We first model the relationship between the functional proportion of true null hypotheses and the summary statistics using the `fpi0est` function. The function `pi0_model` can be used to help create the design matrix for `fpi0est`.

```{r}
# Create model: choose knots at small quantiles
mpi0 <- pi0_model(z = z,
                  knots = c(0.01, 0.025, 0.05, 0.1))

# Estimation of functional pi0 using the design matrix in mpi0
fpi0 <- fpi0est(p = p,
                z = mpi0$zt,
                pi0_model = mpi0$fmod)
```

Alternatively, the model can be directly inputted into `fpi0est`:

```{r, eval = FALSE}
# Create design matrix (can include other variables (e.g., MAF) or specify more complicated models)
fmod <- "~ns(bfp, knots = c(0.01, 0.025, 0.05, 0.1))"
fpi0_mod <- fpi0est(p = p,
                    z = mpi0$zt,
                    pi0_model = fmod)
```

You should look at the p-values in your informative studies to choose the location (quantiles) of the knots. Ideally, it should cover the location of the non-null p-values. In our analyses, we found that `knots = c(0.005, 0.01, 0.025, 0.05, 0.1)` performed well when there were about 160,000 LD-independent SNPs. Note that the above example data set only has 10,000 p-values.

The functional FDR and p-value quantities can be estimated with the `sffdr` function:

```{r}
# apply sfFDR
sffdr_out <- sffdr(p, fpi0 = fpi0$fpi0)   

# plot significance results
plot(sffdr_out, rng = c(0, 1e-6))

# Functional P-values, Q-values, and local FDR
fp <- sffdr_out$fpvalues
fq <- sffdr_out$fqvalues
flfdr <- sffdr_out$flfdr
```

The functional q-value (`fqvalue`) is a measure of significance in terms of the positive FDR (closely related to FDR), the local FDR (`flfdr`) is a posterior error probability, and the functional p-value (`fpvalue`) can be interpreted as a standard p-value. See `?sffdr` for additional details and input arguments (users may want to change `epsilon = min(p)` depending on how small the primary study p-values are).

Thus far, we have assumed that the SNPs are independent.

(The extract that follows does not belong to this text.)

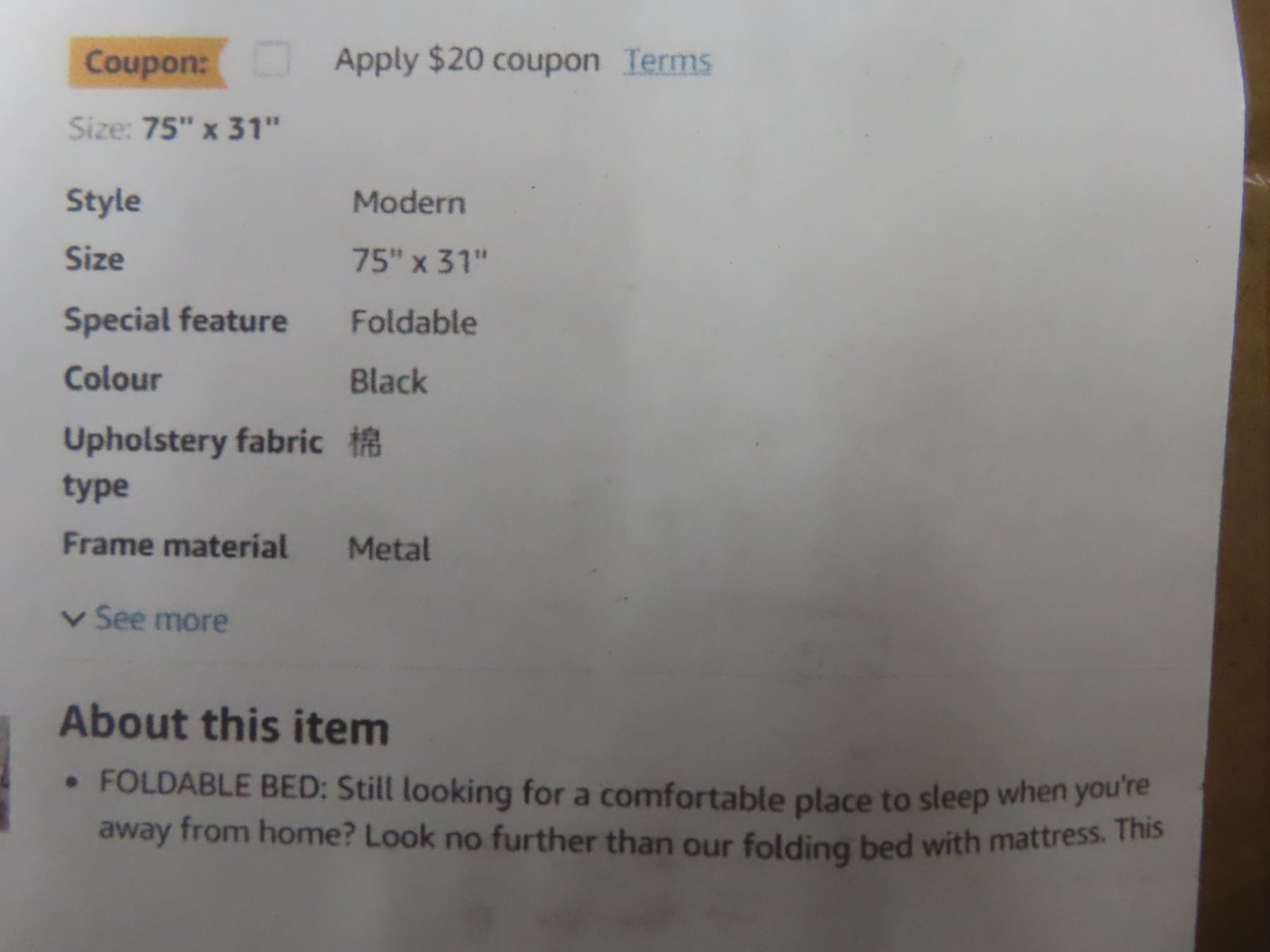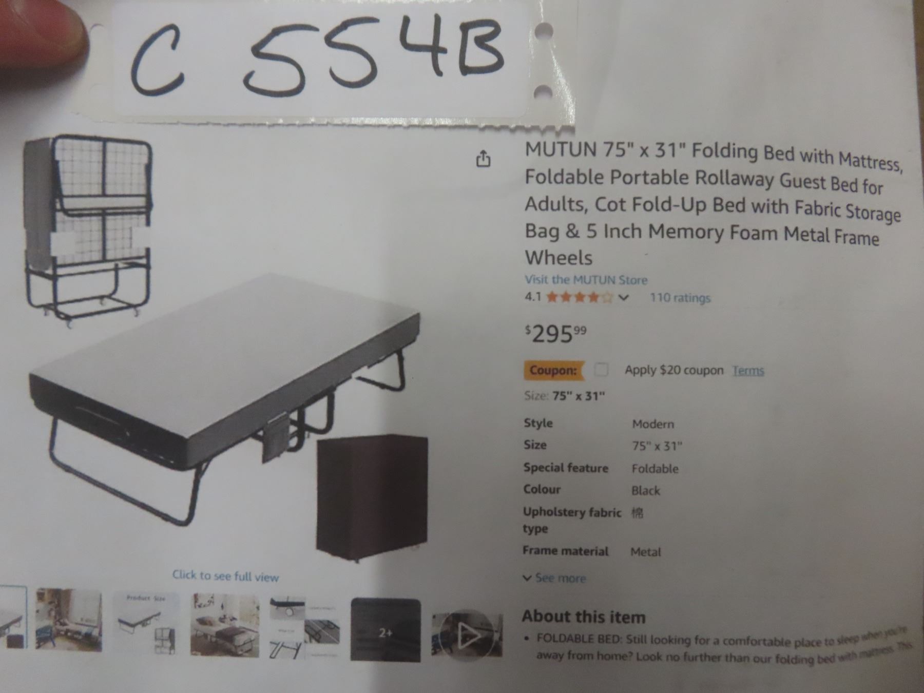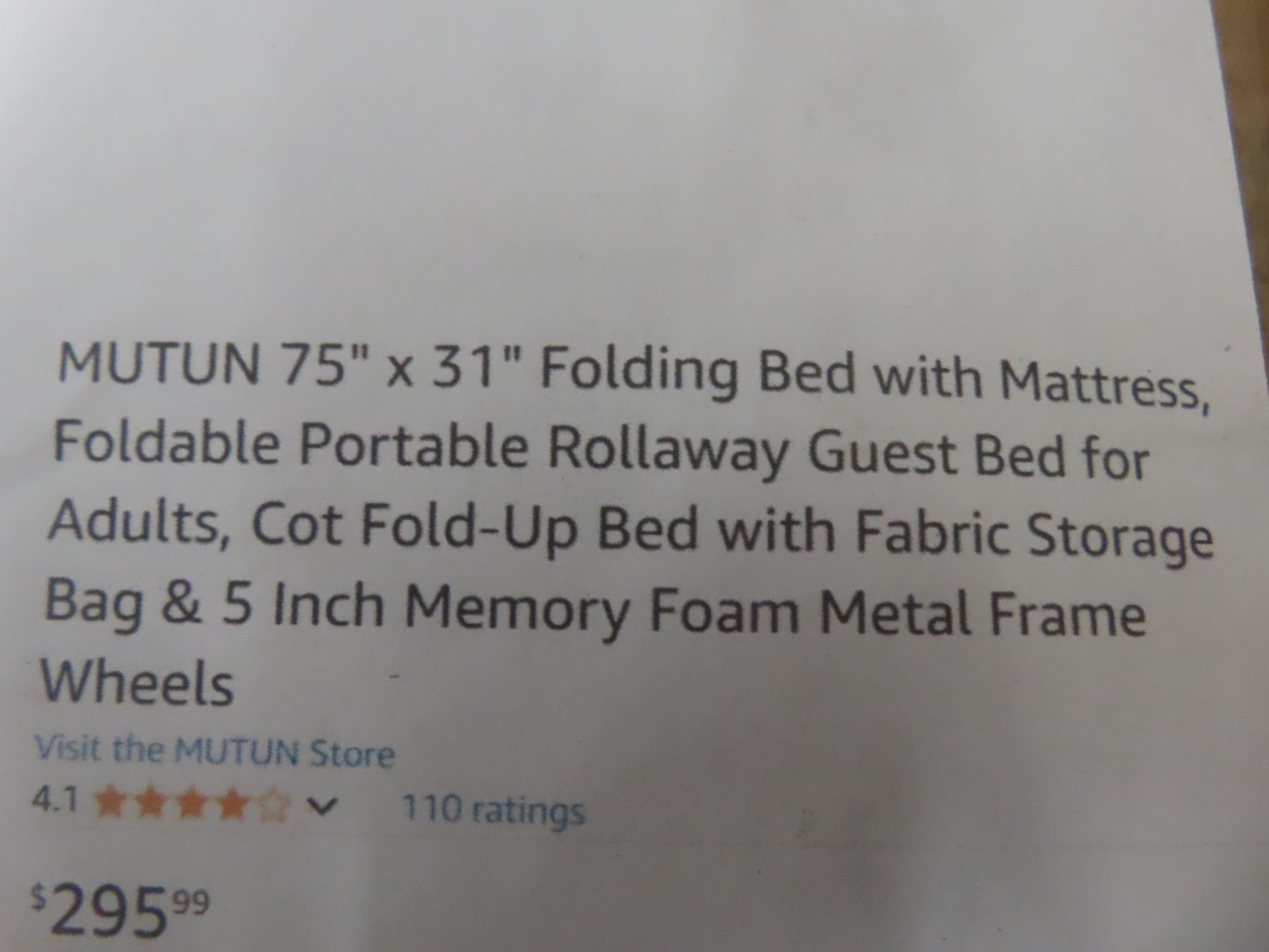 Mutun 75''x31'' Folding Bed with Mattress, Foldable Portable Rollaway Guest Bed for Adults, Cot Fold-up Bed With Fabric Storage Bad and 5 inch Memory Foam Metal Frame Wheels

Below we show how to specify LD-independent SNPs in the software:

```{r}
# Boolean to specify which SNPs are independent (e.g., pruning)
# All SNPs are LD-independent in this example data set 
indep_snps <- rep(TRUE, length(p))

# Create model 
mpi0 <- pi0_model(z = z,
                  indep_snps = indep_snps,
                  knots = c(0.01, 0.025, 0.05, 0.1))

# Estimation fpi0 using design matrix from mpi0
fpi0 <- fpi0est(p = p,
                z = mpi0$zt,
                indep_snps = indep_snps,
                pi0_model = mpi0$fmod)

# Estimate FDR quantities and functional p-value
sffdr_out <- sffdr(p,
                   fpi0 = fpi0$fpi0,
                   indep_snps = indep_snps)
```

Note that the LD-independent SNPs are used for model fitting in sfFDR, and the functional p-values, q-values, and local FDRs are estimated for all SNPs. See `?ffinemap` to perform functional fine mapping in a region of interest (assuming a single causal locus) with the functional local FDR.